On court à l’allure de la personne la plus lente.

Pas “on part ensemble et chacun fait sa vie au bout de 2 km”, pas “on se retrouve au parking après les boucles”. Non : on reste groupés, on discute, on accepte le rythme réel du moins rapide. C’est une expérience sociologique autant que physiologique :

  • les rapides découvrent ce que c’est que de vraiment trottiner en endurance fondamentale ;
  • les moins rapides découvrent ce que c’est que de ne pas être à la corde en permanence ;
  • tout le monde s’entraîne à écouter autre chose que sa montre : les gens autour, les sensations, le plaisir simple de courir sans cible.

Si ton club est incapable d’accepter ça une fois dans l’année, tu as ta réponse : ce n’est pas un groupe de course à pied, c’est un concours de survie cardio. À toi de décider si tu veux y laisser ton Vagal Drive jusqu’à l’usure ou si tu préfères construire un entourage compatible avec la longévité.

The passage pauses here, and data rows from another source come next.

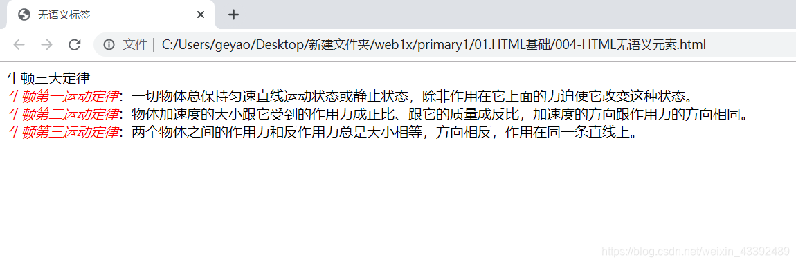 <html><head><meta http-equiv="content-type" content="text/html; charset=utf-8"><title>无语义标签</title><style type="text/css">.dfn{color: red;}</style></head><body><div>牛顿三大定律<div><span class="dfn"><dfn>牛顿第一运动定律</dfn></span>:一切物体总保持匀速直线运动状态或静止状态,除非作用在它上面的力迫使它改变这种状态。</div><div><span class="dfn"><dfn>牛顿第二运动定律</dfn></span>:物体加速度的大小跟它受到的作用力成正比、跟它的质量成反比,加速度的方向跟作用力的方向相同。</div><div><span class="dfn"><dfn>牛顿第三运动定律</dfn></span>:两个物体之间的作用力和反作用力总是大小相等,方向相反,作用在同一条直线上。</div></div></body>
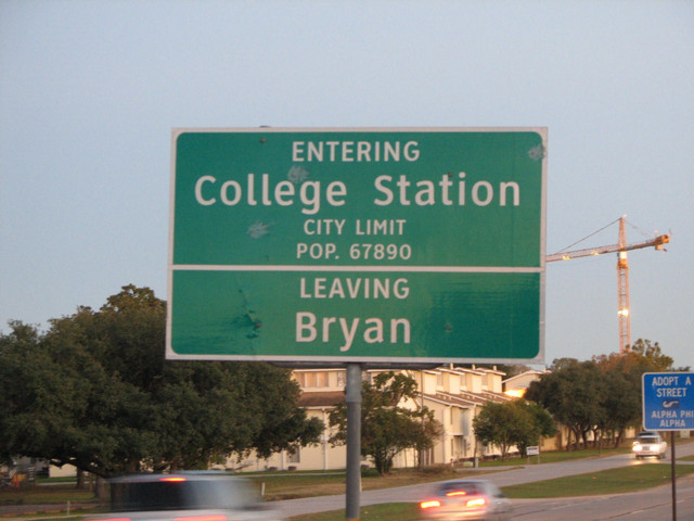 Bryan isn't just nearby. Bryan and College Station directly border one another. The only way you know you're moving between the two is the signposts along the roads that say "Entering Bryan, Leaving College Station" or vice versa. There is absolutely no separation between the two.
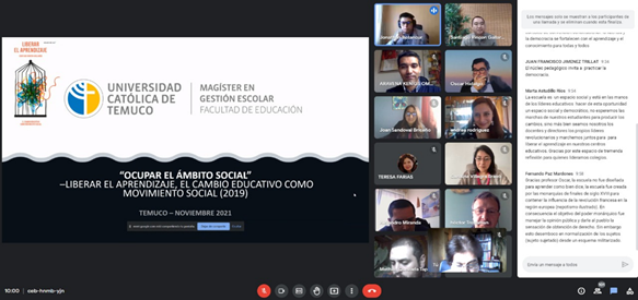 El día sábado 13 de noviembre a las 9:00 horas, Andrea Rodríguez Venegas, Jonathan Betancur Álvarez, estudiantes del Magíster en Gestión Escolar y Oscar Hidalgo Muñoz, egresado del Magíster, expusieron en el seminario “Liderar para Liberar el Aprendizaje” en compañía del invitado internacional Dr. Santiago Rincón-Gallardo, autor del libro “Liberar el Aprendizaje: El cambio Educativo como Movimiento Social”.
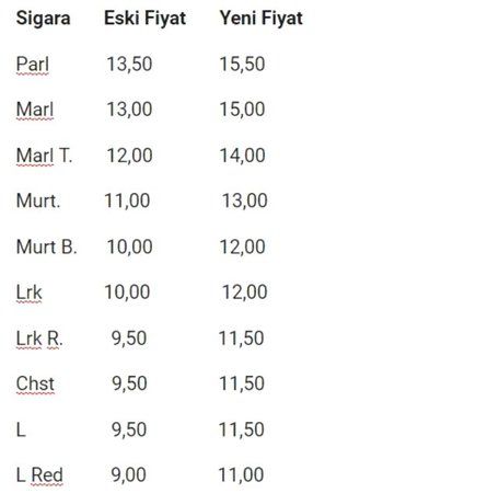 Philip Morris grubu sigara markalarına zam yapıldı. En yüksek sigara gaziantep bayan escort fiyatı 13.50 TL’den 15,50 TL’ye çıktı. Paket başına 2 liralık zam uygulandığı görüldü.
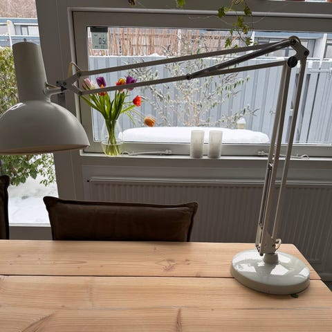 Klassisk bordlampe. DBA mener, den er fra Louis Poulsen. Diameter på skærm cirka 51 cm. Diameter på fod cirka 29 cm. Højde cirka 59 cm.

Conclusion : le courage, ce n’est pas de suivre, c’est de savoir lever le pied

Décembre n’a pas besoin d’un Bla-bla run de plus qui finit à bloc. Il a besoin de quelques sorties honnêtes où tu honores ton axe HPA, ton Vagal Drive et ton intelligence de coureur. Tu peux continuer à te raconter que “c’était cool, on a un peu accéléré à la fin”, ou tu peux te demander si ton corps avait vraiment besoin de ça en sortie de journée chargée.

Le courage, ce n’est pas d’accrocher coûte que coûte le groupe de devant. Le courage, c’est de dire “je ralentis” quand tout ton système crie que la caisse est vide. Et si tu sens que tu as déjà accumulé trop de semaines en mode Bla-bla run qui finit en seuil, va jeter un œil au protocole de désintox Vagal Drive décrit dans l’article dédié : c’est littéralement fait pour t’aider à sortir de ce bruit organisé.

Comme disait un vieux briscard en survêt au bord de la piste : “Les moutons suivent le troupeau jusque dans le ravin. Les coureurs intelligents, eux, savent quand il est temps de couper à travers champ.”